** Given data follows **
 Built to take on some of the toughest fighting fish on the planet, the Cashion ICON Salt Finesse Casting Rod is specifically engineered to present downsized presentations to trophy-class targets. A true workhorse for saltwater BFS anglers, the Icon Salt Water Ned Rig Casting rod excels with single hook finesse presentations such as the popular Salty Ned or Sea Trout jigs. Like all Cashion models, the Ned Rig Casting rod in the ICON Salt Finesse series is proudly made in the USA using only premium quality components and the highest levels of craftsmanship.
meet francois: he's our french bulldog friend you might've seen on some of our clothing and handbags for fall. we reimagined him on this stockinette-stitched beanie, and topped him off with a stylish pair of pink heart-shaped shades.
** End of Given data **
** Given data follows **
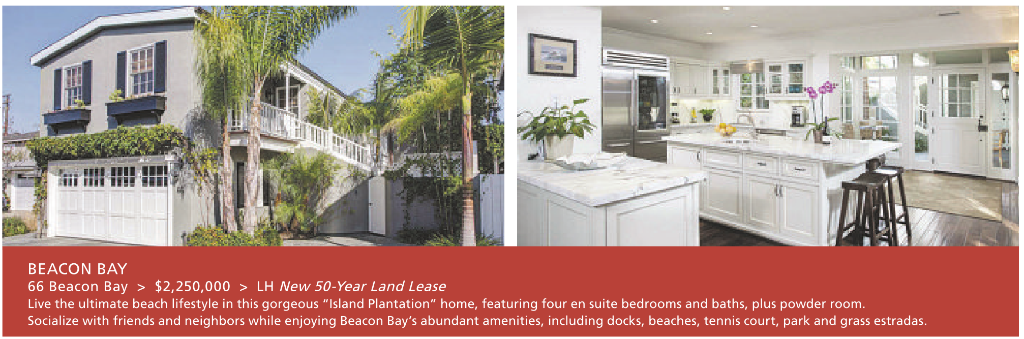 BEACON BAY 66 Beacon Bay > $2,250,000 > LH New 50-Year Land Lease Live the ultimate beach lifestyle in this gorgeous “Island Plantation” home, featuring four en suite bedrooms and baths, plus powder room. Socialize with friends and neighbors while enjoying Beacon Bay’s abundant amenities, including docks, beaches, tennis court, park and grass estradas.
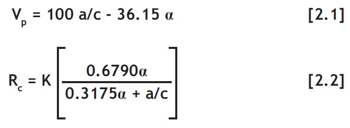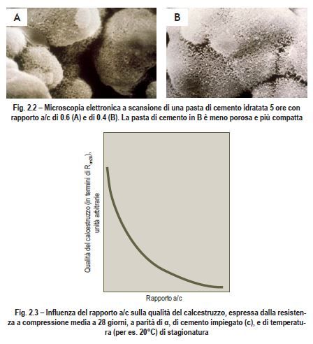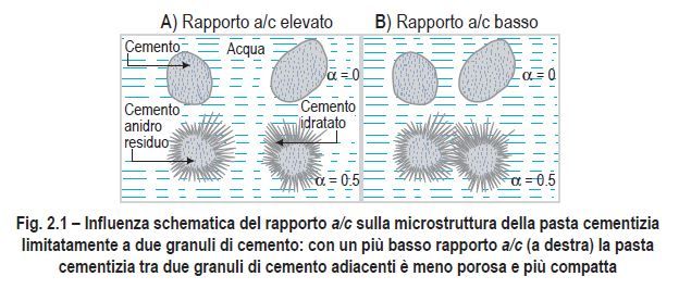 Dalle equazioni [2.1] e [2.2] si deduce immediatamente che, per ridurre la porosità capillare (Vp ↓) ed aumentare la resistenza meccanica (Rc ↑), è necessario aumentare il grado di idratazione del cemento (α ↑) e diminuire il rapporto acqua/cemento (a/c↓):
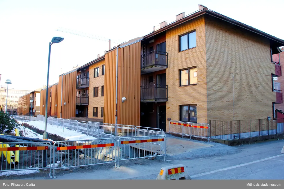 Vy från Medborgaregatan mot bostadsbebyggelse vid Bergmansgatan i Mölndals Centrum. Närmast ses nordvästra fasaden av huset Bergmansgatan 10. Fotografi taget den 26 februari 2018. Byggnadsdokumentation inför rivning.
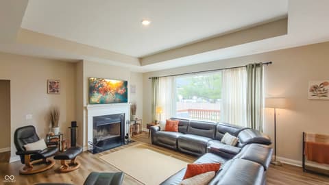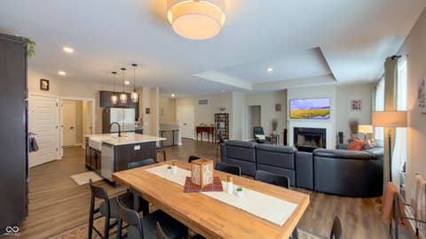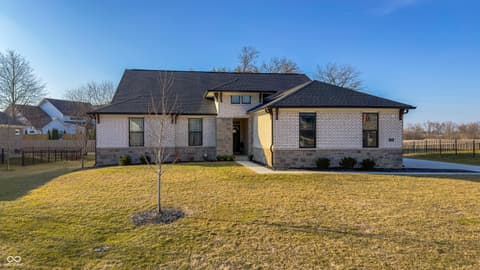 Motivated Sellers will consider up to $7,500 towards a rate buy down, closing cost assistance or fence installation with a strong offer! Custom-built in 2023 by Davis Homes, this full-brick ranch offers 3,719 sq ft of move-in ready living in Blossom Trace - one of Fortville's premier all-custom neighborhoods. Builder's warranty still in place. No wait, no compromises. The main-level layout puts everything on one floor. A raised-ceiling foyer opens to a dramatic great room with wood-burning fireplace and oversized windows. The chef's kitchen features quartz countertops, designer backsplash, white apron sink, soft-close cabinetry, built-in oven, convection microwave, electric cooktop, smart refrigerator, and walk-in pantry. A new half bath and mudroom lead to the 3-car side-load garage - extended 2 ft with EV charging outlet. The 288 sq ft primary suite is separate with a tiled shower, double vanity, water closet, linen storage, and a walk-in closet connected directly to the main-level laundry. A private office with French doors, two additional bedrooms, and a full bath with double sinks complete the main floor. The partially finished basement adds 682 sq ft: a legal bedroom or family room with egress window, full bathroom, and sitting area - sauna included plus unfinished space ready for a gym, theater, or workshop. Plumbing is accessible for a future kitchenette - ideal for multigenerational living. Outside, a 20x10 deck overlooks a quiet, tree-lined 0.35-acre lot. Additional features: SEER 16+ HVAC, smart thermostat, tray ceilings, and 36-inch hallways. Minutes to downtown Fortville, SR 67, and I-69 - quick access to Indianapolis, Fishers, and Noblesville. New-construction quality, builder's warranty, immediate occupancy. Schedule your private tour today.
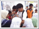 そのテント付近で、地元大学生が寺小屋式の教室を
** End of Given data **
### Task brief
The required answer is the run of lines above, starting at the line with "Built to take" and ending at the line with "meet francois: he's", reproduced exactly with both ends.

### Task output
 Built to take on some of the toughest fighting fish on the planet, the Cashion ICON Salt Finesse Casting Rod is specifically engineered to present downsized presentations to trophy-class targets. A true workhorse for saltwater BFS anglers, the Icon Salt Water Ned Rig Casting rod excels with single hook finesse presentations such as the popular Salty Ned or Sea Trout jigs. Like all Cashion models, the Ned Rig Casting rod in the ICON Salt Finesse series is proudly made in the USA using only premium quality components and the highest levels of craftsmanship.
meet francois: he's our french bulldog friend you might've seen on some of our clothing and handbags for fall. we reimagined him on this stockinette-stitched beanie, and topped him off with a stylish pair of pink heart-shaped shades.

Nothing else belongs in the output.